(TNS) — Nearly five years after UPMC first realized it was in the midst of a mold outbreak that led to the deaths of at least eight people in three hospitals, UPMC and its linen cleaning contractor, Paris Cleaners of Dubois, Pa., have finally settled most of the remaining lawsuits they faced.
In court actions over the last two weeks, Allegheny County Common Pleas Judge Philip Ignelzi signed orders approving settlements between UPMC and Paris, and the attorneys for seven victims’ families, most of them likely for millions of dollars, according to attorneys who have been watching the cases proceed.
The amount of each settlement and the terms were not disclosed because Judge Ignelzi also signed an order sealing the settlements and keeping them from public view, a move different from the way the first two in the case were handled in 2017.
Neither UPMC, Paris, nor the plaintiff’s attorneys would comment about the settlements last week.
In the first two cases in 2016, each settled for a $1.35 million payment to the families and their attorneys — a payout figure that attorneys say probably was likely to increase for the subsequent cases that went through extensive discovery.
“I’m aware of the high value of those [new] settlements and terribly disappointed that my clients couldn’t participate in this case,” said Phil McCallister, an attorney who represented the family of Marlene Fenner, 70, who died in 2016 after allegedly contracting a mold infection at UPMC Presbyterian.
Mr. McCallister said the family initially filed a lawsuit, but decided to withdraw the case because they were going to have to exhume Ms.

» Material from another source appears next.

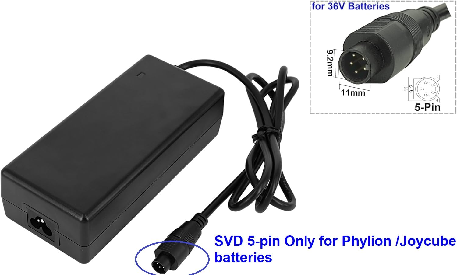 Prise à 5 broches (disposition circulaire) Veuillez confirmer que vous disposez d'une prise de chargeur en plastique au lieu d'une prise en métal avant de passer commande., (Voir Photo., 2) Entrée : 100 V-240 V // Sortie : 42 V Powersmart® chargeur alimentation 36v pour vélo électrique velo de Courant de sortie : 2,0 A Chargeur 42V 2A SVD 5 broches pour vélos électriques équipés de Joycube, Phylion 36V Lithium. 5 / 5. 2 avis. En 1 fois. 44,98 €. 44 €98. En 4 fois Chargeur 42V 2A PowerSmart® RCA Pour Batteries 36V Li-Ion Phylion/Joycube Alimentation Vélo électrique Accessoire Convient uniquement au chargeur avec prise en plastique à 5 broches. Veuillez confirmer que vous disposez d'une prise de chargeur en plastique au lieu d'une prise en métal avant de passer commande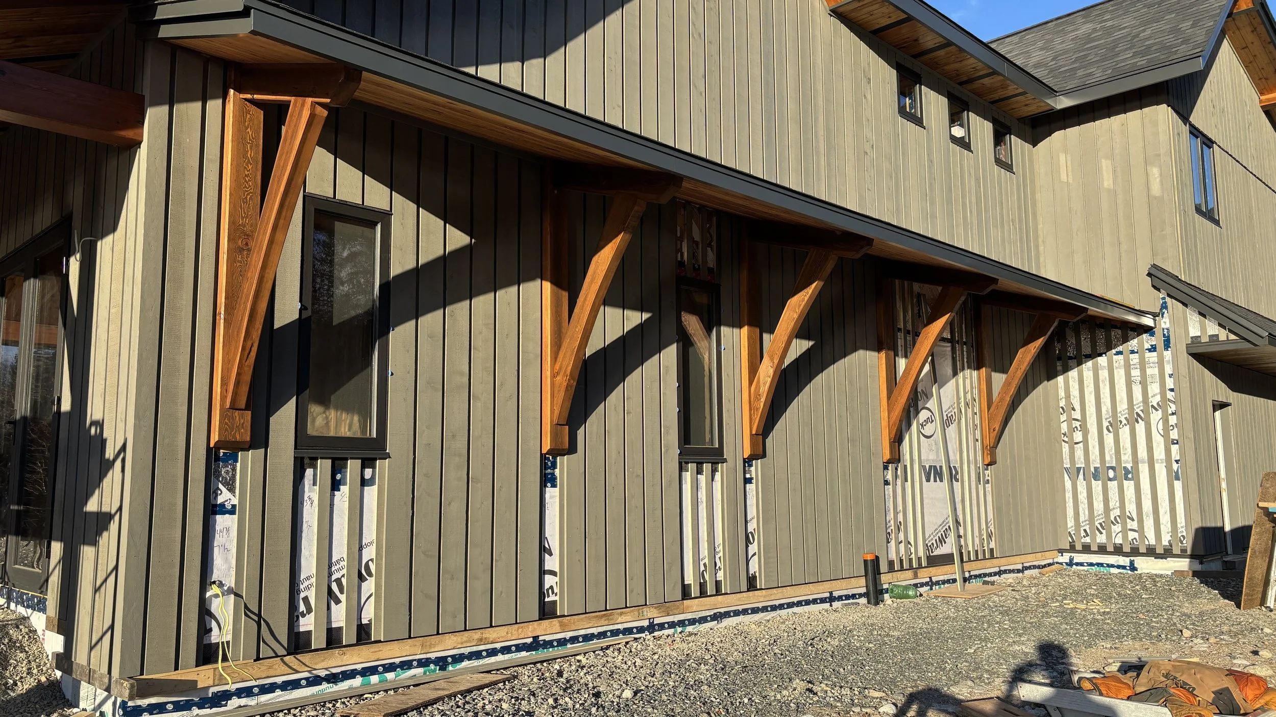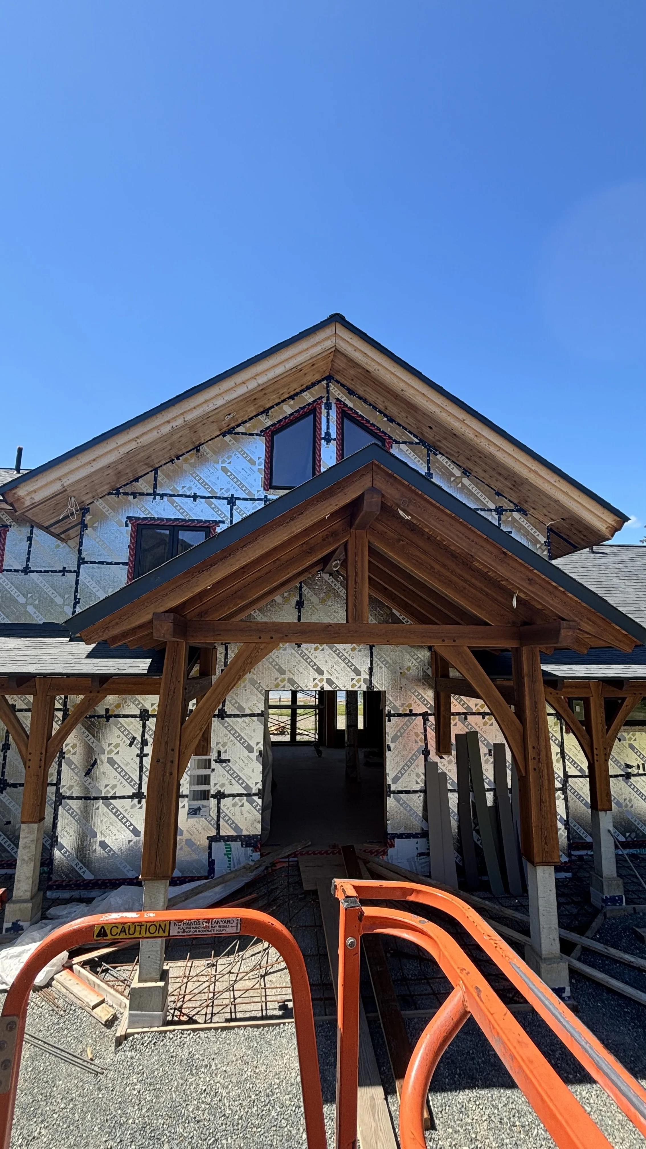 Custom timber-frame entry and porch designed and built by Jeremie Drouin which Saminthemaking helped in the assembly

Fenner’s body and have an autopsy performed to prove she died of a mold infection.
“The family decided to just let her rest,” he said, and the case is not part of this new series of settlements.
The mold outbreak, which first became public in the fall of 2015 when just the first two cases were known, sent shockwaves across UPMC, resulting in multiple investigations — both by UPMC itself and the federal Centers for Disease Control and Prevention.
As a result, UPMC temporarily shut down its heart and lung transplant programs at UPMC Presbyterian Hospital, and made changes to the way it provides linens to immunocompromised patients, as well as how it administered antibiotics.
UPMC went so far as to fund its own nationwide study of 15 other transplant and cancer centers around the country to see if they could find mold on hospital linens — they did find mold on linens in other hospitals — a finding that was at the heart of most of the cases at UPMC, though it was dismissed as the cause for the earliest cases by the CDC.
UPMC spokeswoman Allison Hydzik said in an emailed statement last week that the UPMC study on linens and mold at other hospitals — which it published in the March 2019, edition of Clinical Infectious Diseases — was something UPMC promised to do.
“As an academic medical center, we have said all along that we’re committed to investigating this situation and sharing our findings with peer institutions,” she said in an emailed statement. “The authors were careful to note that the data does not link health care linens to infections.”
Settlements finalized over the last two weeks were for the following cases:
— Lyle C. Dearth, 47, of Friendly, W.Va. died Sept. 17, 2015, following a liver transplant at UPMC Montefiore.
— Katherine Landman, 44, of New Castle, who died Oct. 11, 2015, following a bone marrow transplant at UPMC Shadyside.
— Che DuVall, 70, of Perryopolis, who died Feb. 6, 2016, following a double lung transplant at UPMC Presbyterian.
— Marita Madsen, 65, of Shaler, who died Aug. 19, 2016, after being admitted for a blood transfusion at UPMC Shadyside.
— Daniel Krieg, 56, of St. Marys, who died July 9, 2016, after being admitted with pneumonia at UPMC Montefiore.
— John Haines, 65, of Upper St. Clair, who died Oct. 7, 2016, while being treated for leukemia and pneumonia at UPMC Shadyside.
— Asa Thompkins, who was diagnosed with a mold infection Jan. 31, 2016, following treatment for a colostomy hemorrhage at UPMC. He survived the infection.
There is one other case still pending in Allegheny County court that was not part of the settlement — the case of Larry B. Brown Jr., 49, of Latrobe.
Mr. Brown died May 10, 2017, after being treated in December 2014 and January 2015 at UPMC Shadyside, for a necrotic kidney, where he contracted a mold infection. His attorney did not return a call for comment.
The two prior cases settled for $1.35 million each in 2016 were: Tracy Fischer, 47, of Erie, who died Oct. 1, 2014, following a heart transplant at UPMC Presbyterian; and Shelby Slagle, 27, or Groveport, Ohio, who died June 26, 2015, following a heart transplant at UPMC Presbyterian.
Jim Dattilo, the attorney who represented the Fischer family, said those cases were left public despite a request that the settlements be sealed — a request made to the families by UPMC, according to the settlement document — because the judge overseeing the cases, Ronald Folino, refused to seal them.
“Judge Folino didn’t believe in sealed settlements and ordered them unsealed,” Mr. Dattilo said. “I agree with him in general. If tort law is going to work, the whole idea is to make the world a safer place, and the more knowledge people have, the better.”